In this article, for the first time, I’ll consolidate everything that I’ve learned and condense all of these into 5 lessons that I’ve learned in 2 years as a data scientist.

If you’re just starting out in data science and wondering what to learn…Or you’re looking for a job in data science…Or you’re already working in data science space…I hope you’ll find these 5 lessons helpful to you as a data scientist!Enough of talking… Let’s get started!      One of the most profound questions that I’ve ever been asked by one of the great senior data scientists during my data science career: “Admond, what’s the story that we are gonna tell in the meeting later?” The first time I heard this question, I was stunned for a second.

He didn’t ask what slides I’d prepared.

He didn’t ask what I was gonna share.

He didn’t ask what results that I was gonna tell.

NONE.

To be honest with you, I didn’t even understand why he emphasized so much on telling stories, instead of telling facts that we already had.

Before I began to appreciate the importance of telling stories, I made tons of mistakes.

Either stakeholders didn’t understand what I was saying.

Or the insights couldn’t convince and motivate them to take action.

Once I decided to improve my storytelling skills…Once I started focusing on telling stories…Things changed, for real.

Stakeholders or non-technical bosses began to understand what I was delivering without bombarding them with technical jargons and results.

 They took action.

Facts tell, but stories sell.

If you want to be a good data scientist, focus on technical skills.

If you want to be a great data scientist, focus on storytelling skills.

   Want to learn storytelling skills? Learn from Vox.

Because they are the master of storytelling, like seriously.

They have always been able to explain complex issues or ideas in an engaging and understandable way.

If this is the first time you’ve heard of Vox, check out their YouTube video below.

Just observe how they explained societal phenomena and issues in the most intuitive storytelling way possible to understand.

And this is very important when it comes to presenting insights or delivering core message to your audience with great storytelling skills.

Vox — How wildlife trade is linked to coronavirus   Forget about having Kaggle-like data in your real working environment, because most of the time you won’t have clean data.

Or worse, sometimes you don’t even have data to begin with, or perhaps you’re just not sure where to get or query data because they are scattered everywhere.

Data collection and data integrity are one of the most important steps in any data science projects, yet a lot of junior data scientists might be oblivious to that.

The reality is that you need to know where to get your data based on business requirements and the existing data architecture.

You might breathe a sigh of relief after you’ve got the data, but this is where the hard part begins — data integrity.

You need to perform a thorough check on the data collected by asking hard questions and understanding from different stakeholders to see if the data collected makes any sense.

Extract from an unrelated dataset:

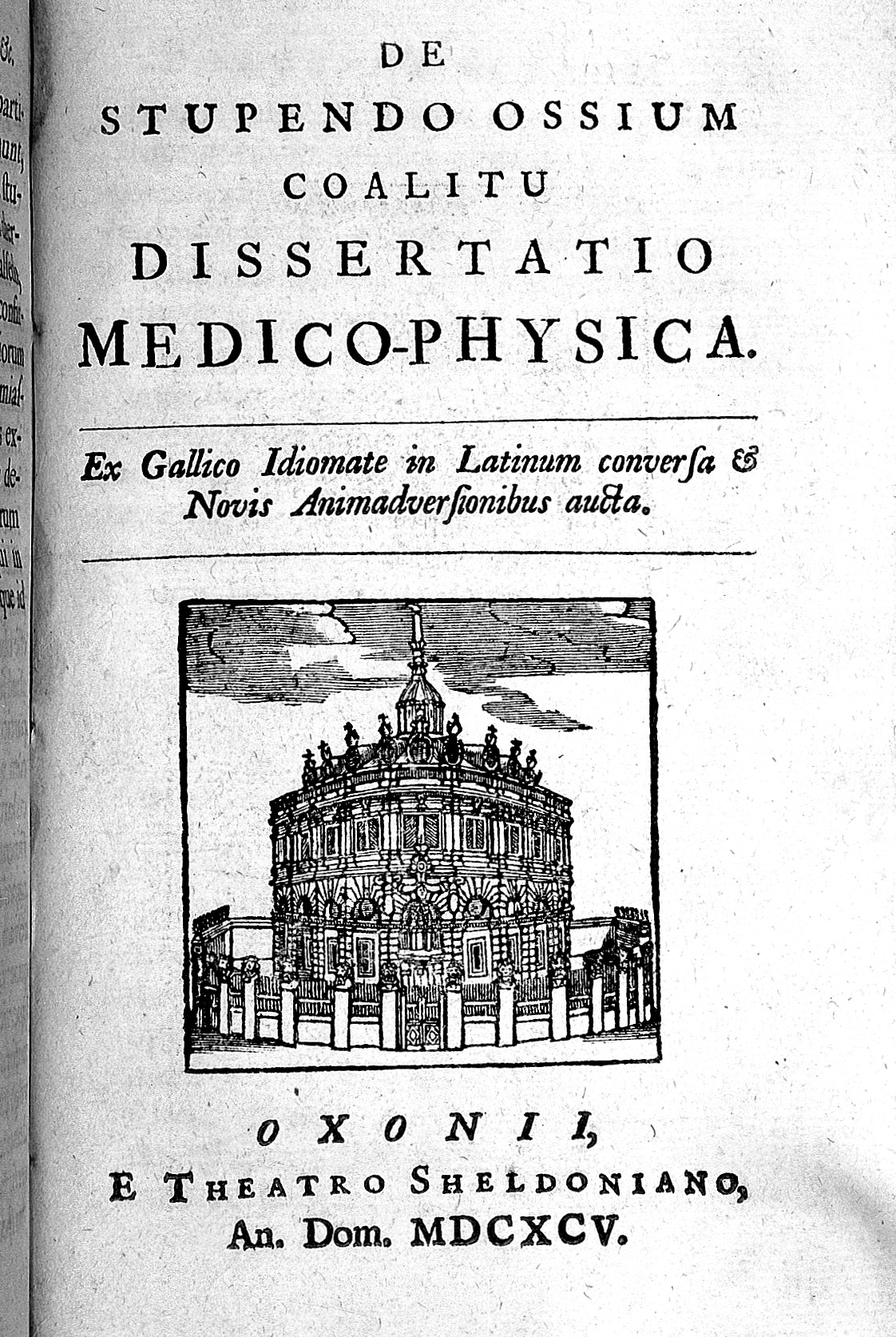 Title page Rare Books Keywords: Bernard Connor

Without having right and accurate data in place at the first place, all of our data cleaning, EDA, machine learning models building, and deployment are simply a luxury.

   One of the most common questions for beginners in data science is this: “What are the skills that I need to learn when starting out in data science?” In my opinion, I think learning technical skills (programming, statistics etc.

) should be the priority when first starting out in data science.

Once we’ve a solid foundation in technical skills, we should focus more on building and improving our soft skills (communication, storytelling etc.

).

While this might seem a bit counter-intuitive to the normal ways of learning data science skills, I truly believe in this approach.

WHY? You see.

Data scientists are problem solvers.

We don’t just write some code, build some fancy machine learning models and call it a day.

From understanding a business problem, collecting and visualizing data, to the stage of prototyping, fine-tuning and deploying models to real world applications, all these steps require teamwork, communication and storytelling skills to work with team members, manage expectation with stakeholders and ultimately to drive business decisions and actions.

There is a famous quote: “ Without data you’re just another person with an opinion ” — W.

Edwards Deming To me, getting data is only the first step.

What’s more important is how you can use data to drive business decisions and actions to make a real impact.

Here is a slightly modified quote from me: “ Without storytelling skills you’re just another person with data ” You can perform the best data analytics in the world.

You can build the best machine learning model in the world.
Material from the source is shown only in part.